A Times Editorial
Bungling Scientology case
Medical Examiner Joan Wood's mishandling of the autopsy report in the
death of Lisa McPherson creates questions of Wood's credibility.
St. Petersburg Times
June 14, 2000
It was a sad day Monday in Pinellas County when State Attorney Bernie
McCabe dropped all charges against the Church of Scientology in the death
of Lisa McPherson.
Sad because the incompetence of Medical Examiner Joan Wood was exposed too
late to save an important criminal case.
Sad because McCabe could find no way to bring to justice those who
callously allowed McPherson to suffer and die without seeking prompt
medical attention for the incapacitated woman.

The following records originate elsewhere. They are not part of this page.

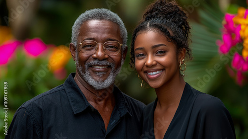 smiling, man, woman, tropical, garden, flower, vibrant, sunny, afternoon, cheerful, pose, happiness, nature, lush, greenery, portrait, human relationships, connection, family, friends, beauty, joy, casual attire, attire, festivity, togetherness, warmth, expression, plant, colours, decor, celebration, scene, smile, interaction, candid, love, laughter, skin, tone, diversity, harmony, background, brightness, intimacy, culture, emotion, gathering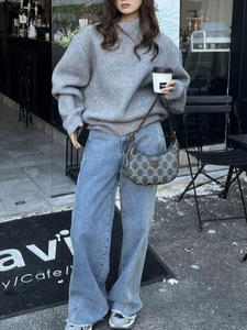 秋と冬の軽い大人スタイルの新しいグレーのニットセーター女性のための韓国の怠惰なスタイルのルーズニッチタートルネックプルオーバーセーター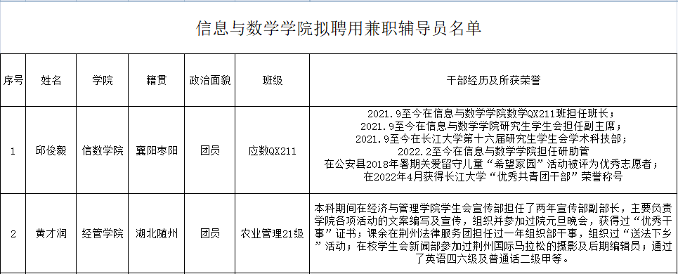 因工作需求,365英国官网根据365英国上市公司官网兼职辅导员招聘要求,经“个人申请、资格审查、面试考核”等工作程序,拟聘用邱俊毅、黄才润为365英国官网兼职辅导员,现予以公示。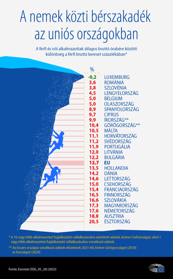 - Magyarországon a nők átlagosan 16,3%-kal kevesebbet keresnek, mint a férfiak.

Sad because the bullying Church of Scientology has won again with its
mixture of seemingly unlimited resources and intimidation.
Sadness is not an emotion that will fix what is wrong, however. Pinellas
County residents should demand that those who failed their duty in the
Lisa McPherson case be held accountable.
They can start with Joan Wood. While Wood has served as Pinellas-Pasco
medical examiner since 1982, it is clear that she and her office have
slipped in recent years.
When McPherson, a Scientologist in Clearwater, suffered a mental breakdown
following a minor automobile accident, fellow Scientologists kept her
isolated and sometimes restrained in a hotel room, force-feeding her
medicine without a doctor's visit. Seventeen days later, the 36-year-old
woman was delivered to a hospital -- dead.
The autopsy was crucial to a criminal prosecution, yet Wood assigned it to
a troubled employee whom she distrusted; he quit before the work was
completed. Wood then finished the autopsy report, but pressed by
Scientology's experts she later changed crucial conclusions in the
document.
Her behavior in the case has been erratic, even bizarre. In a memo earlier
this year with the subject line "Urgent!!!!!!!!!!!!!!!!!!!!" Wood pleaded
with a colleague to support her in the McPherson case -- "Life and career
at stake!" she wrote.
After taking a recent sworn statement from Wood, Assistant State Attorney
Douglas Crow concluded that "her inability to coherently explain her
decision even under benign questioning by me is completely perplexing."
And Crow recommended dropping felony charges -- abuse of a disabled adult
and practicing medicine without a license -- against the Church of
Scientology. "The actions and testimony of Dr. Wood, a forensic witness
essential to the state's case, have so muddled the equities and underlying
facts in this case. . . that it has undermined what began as a strong
legal position," he wrote.
The medical examiner's conduct has spoiled this important case, and it
threatens the outcome of others, as well. One defense attorney in an
unrelated murder trial has already quizzed Wood about her handling of the
McPherson autopsy. And other lawyers, including Pinellas-Pasco Public
Defender Bob Dillinger, are questioning her credibility.
Re-appointment of Wood to another three-year term as medical examiner is
awaiting a decision by Gov. Jeb Bush, who should question her fitness for
the job.
Wood should not let the issue get that far. Her sense of decency and
integrity should tell her the right thing to do is to resign.